> [PROBLEM STATEMENT] From the records that follow, return exactly the lines beginning at the one that contains "Simplicity Printed Pattern" and ending at the one that contains "Experimental outline and", pictures left out.
-- -- --
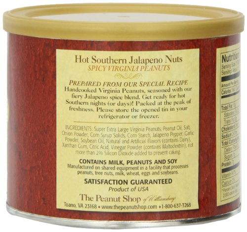 The Peanut Shop of Williamsburg Hot Southern Jalapeno Nuts, 10.5-Ounce Tins (Pack of 3)
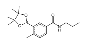 Product Name: 4-methyl-N-propyl-3-(4,4,5,5-tetramethyl-1,3,2-dioxaborolan-2-yl)benzamide Order number: 210518 CAS: 911490-25-0 Purity: 95% Appearance: n.a. MF: C17H26BNO3 MW: 303.204 MP: n.a. oC Description: Boronic acids are widely used in organic chemistry, pharmaceuticals, materials science, and sensor technology. |
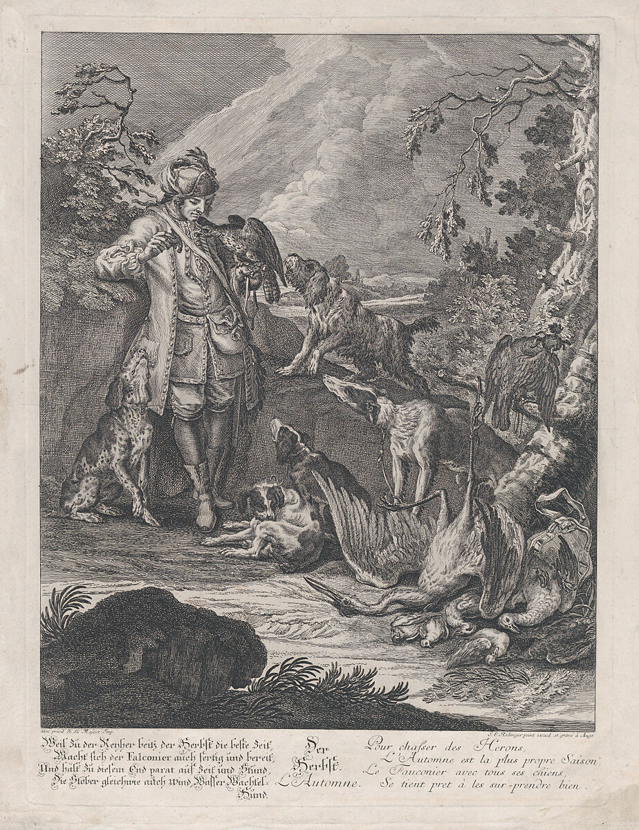 Ridinger worked mostly in Augsburg, Germany, but it was in nearby Regensburg that he was introduced to the aristocratic pursuits that became the predominant subject matter for his long and prolific artistic career. There, at the invitation of Prince Wolf Freiherr von Metternich, Ridinger observed and took part in local hunts, coursing, and shoots while attending the renowned riding academy. In Autumn, an elegant falconer is surrounded by his hounds, whose job it was to flush out the heron. The falcon perched on his arm would bring down the bird as it flew away; a second falcon sits on a branch at the lower right, below which are the heron and a group of smaller game birds.
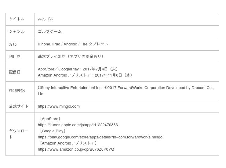 『みんゴル』は、「プレイステーション」を代表する作品のひとつでありシリーズ全世界累計実売1,400万本(※2)を達成した「みんなのGOLF」シリーズのスマホ向けゴルフゲームです。引き続き、『みんゴル』に関する情報は、公式サイトやSNSなどでもお届けしてまいります。
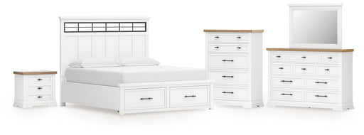 Benchcraft®Consumer's ChoiceWalk the line between industrial and farmhouse styles with the modern heft of this panel bed with storage, two nightstands, and dresser with mirror...
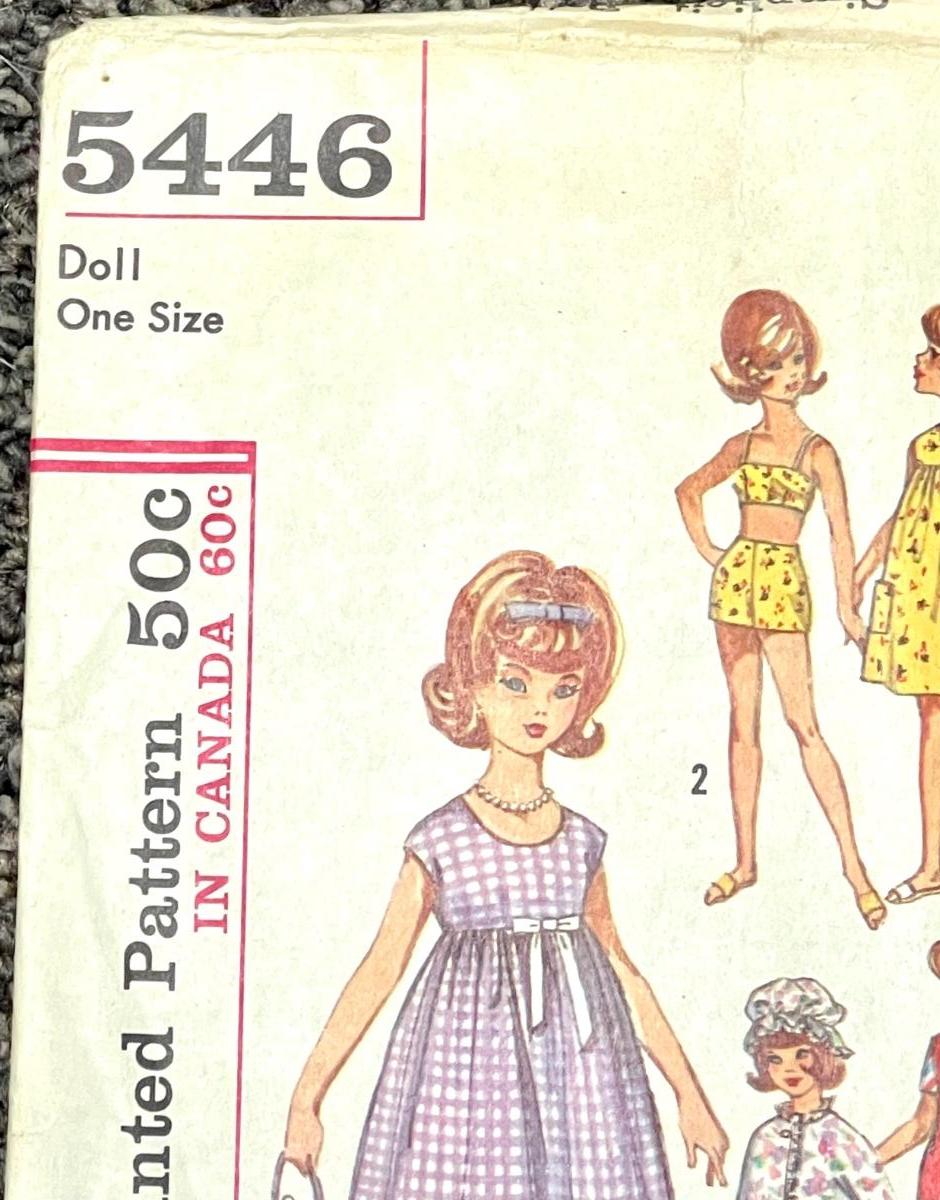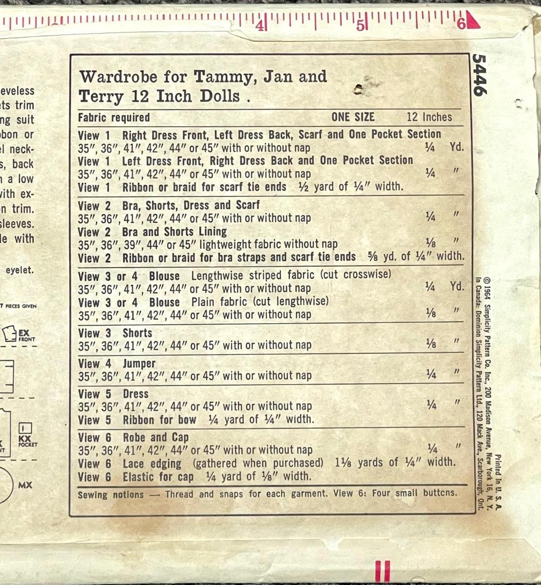Simplicity Printed Pattern Tammy wardrobe No. 5446 doll one size 1962. All pieces verified.
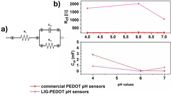 Moreover, it can be seen that both Rct and Cdl values of the LIG-PEDOT pH sensors showed greater variation among pH values with respect to the commercial PEDOT sensors, as reported in Figure 4b.
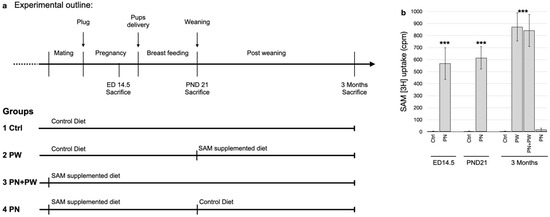 Experimental outline and SAM uptake. (a) Graphical schematic of the experimental set-up: the upper line shows the timing of the experiment and the different phases; the lower part shows the experimental groups and the diet administration. (b) [methyl-3H]-SAM uptake (cpm) was determined in total brain lysates in animals that received tritiated and non-tritiated SAM (*** p < 0.001, N = 5). Abbreviations: ED, embryonic day; PND, post-natal day; Ctrl, control diet/group; PW, post-weaning; PN, perinatal.
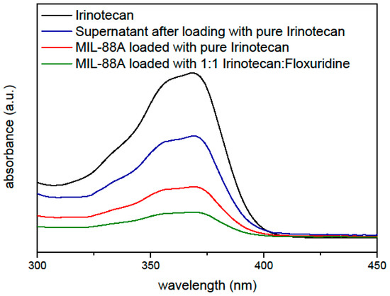 The first step was to investigate the drug loading capacity of MIL-88A. For this purpose, MIL-88A nanoparticles were loaded with irinotecan and floxuridine in different ratios through soaking in 1 mM aqueous solutions of the biotherapeutics, before coating them with liposomes. These particles were then investigated via UV/Vis spectroscopy (Figure 1) to determine the loading capacity. The absorption maximum of irinotecan at 360 nm was used as the basis for the calculations. Particles loaded with different ratios of irinotecan were examined and compared to the UV/Vis spectrum of a pure irinotecan solution to calculate the amount of drug loading. For this 1 mg of MIL-88A nanoparticles were suspended in 1 mL of a 1 mM solution of irinotecan. The amount of irinotecan in the MIL-88A nanoparticles was quantified by UV/Vis measurements, yielding a loading capacity of 21 wt % relative to the nanoparticle weight (205 µg) for loading only irinotecan, and 10.3 wt % (102 µg) of irinotecan when a 0.5 mM irinotecan and 0.5 mM floxuridine solution (further referred to as 1:1) is used for the loading. Similarly, the loading capacity of floxuridine was determined to be 3.61 wt % for a 1 mM solution of floxuridine only and in the mixtures with irinotecan it was reduced by the respective factor of dilution (measurements see Supplementary Materials). Thus, the nanoparticles can successfully be loaded with both drugs at the same time yielding a ratio of the mixture as provided in the loading solution weighted by the loading capacity of the pure drugs.
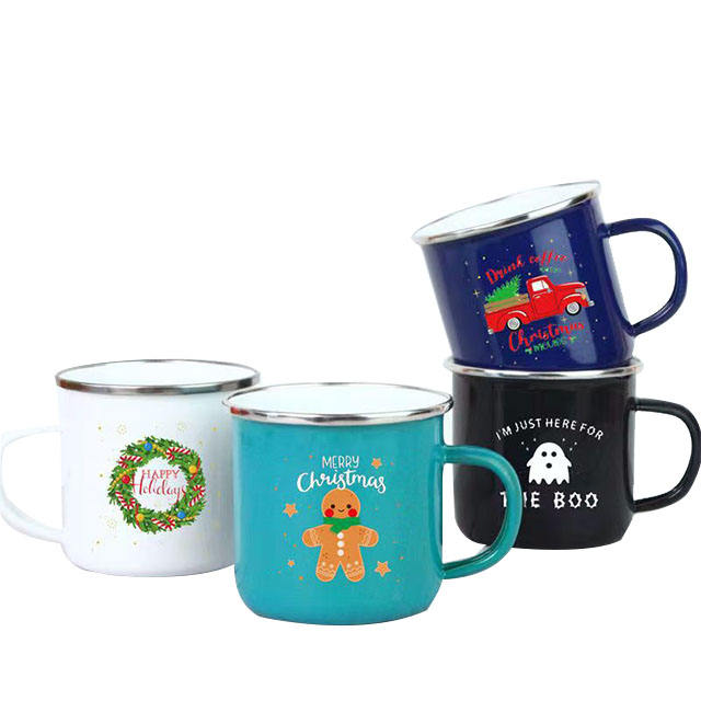 Logotipo personalizado 4/8/12oz Classic Edge Curl Metal Campfire Camping Esmalte Taza de café con borde de acero inoxidable
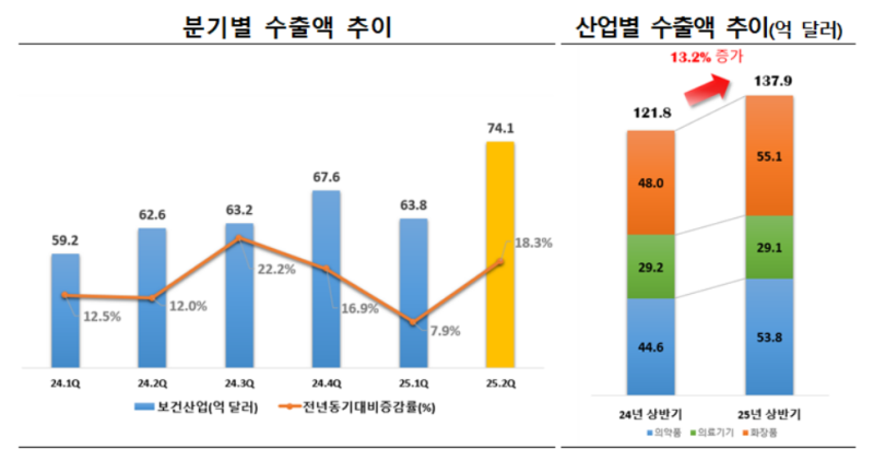 2025년 상반기 의약품·의료기기·화장품 등 보건산업 수출 실적. 한국보건산업진흥원 제공
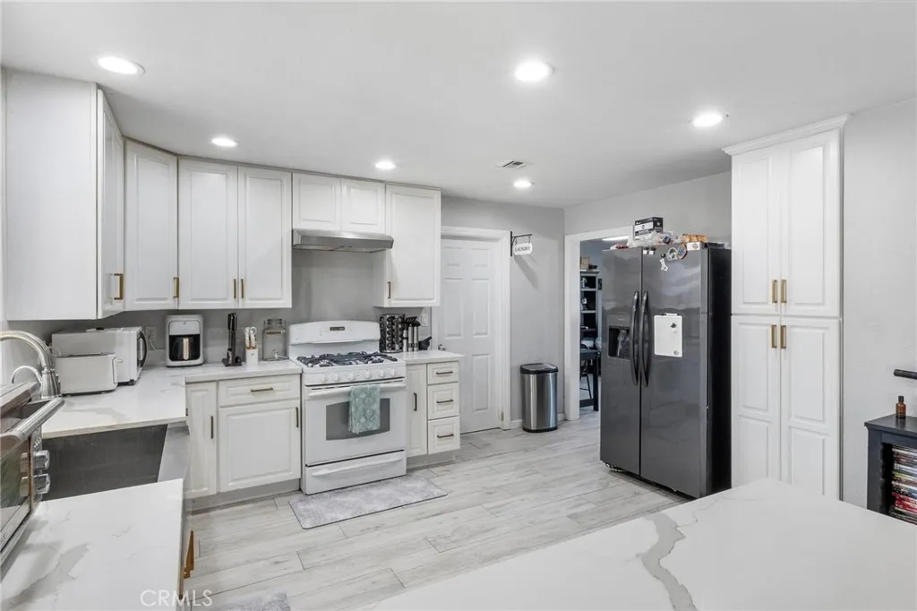 Welcome to this stunning 3-bedroom, 2-bath home offering a comfortable living space on an expansive lot. Step inside to discover elegant light gray wood-look tile flooring that extends through most of the home, creating a cohesive and modern feel. The spacious kitchen features recessed lighting, crisp white cabinetry, sleek white counter tops, and a large single-bowl sinkperfect for everyday living and entertaining. Enjoy meals under a stylish modern light fixture in the dining area, while both bathrooms showcase beautiful tile flooring and matching tile back splash in the showers, complemented by energy-efficient LED lighting. The primary bedroom offers a private en suite bathroom for added comfort, while the guest bedrooms feature cozy carpet flooring and ceiling fans. Additional highlights include recessed lighting throughout the home, a generous laundry room, and a large covered patio overlooking the spacious backyardideal for outdoor gatherings. The backyard also includes small sheds and an enclosure, offering extra storage and versatility.The property features a two-car driveway, an attached two-car garage, and a convenient roundabout for easy access. The front exterior is accented with attractive brick and stone detailing, adding timeless curb appeal. With plenty of space and potential both inside and out, this home is ready to welcome its new owners.
-- -- --
> [EXERCISE OUTPUT]
Simplicity Printed Pattern Tammy wardrobe No. 5446 doll one size 1962. All pieces verified.
 Moreover, it can be seen that both Rct and Cdl values of the LIG-PEDOT pH sensors showed greater variation among pH values with respect to the commercial PEDOT sensors, as reported in Figure 4b.
 Experimental outline and SAM uptake. (a) Graphical schematic of the experimental set-up: the upper line shows the timing of the experiment and the different phases; the lower part shows the experimental groups and the diet administration. (b) [methyl-3H]-SAM uptake (cpm) was determined in total brain lysates in animals that received tritiated and non-tritiated SAM (*** p < 0.001, N = 5). Abbreviations: ED, embryonic day; PND, post-natal day; Ctrl, control diet/group; PW, post-weaning; PN, perinatal.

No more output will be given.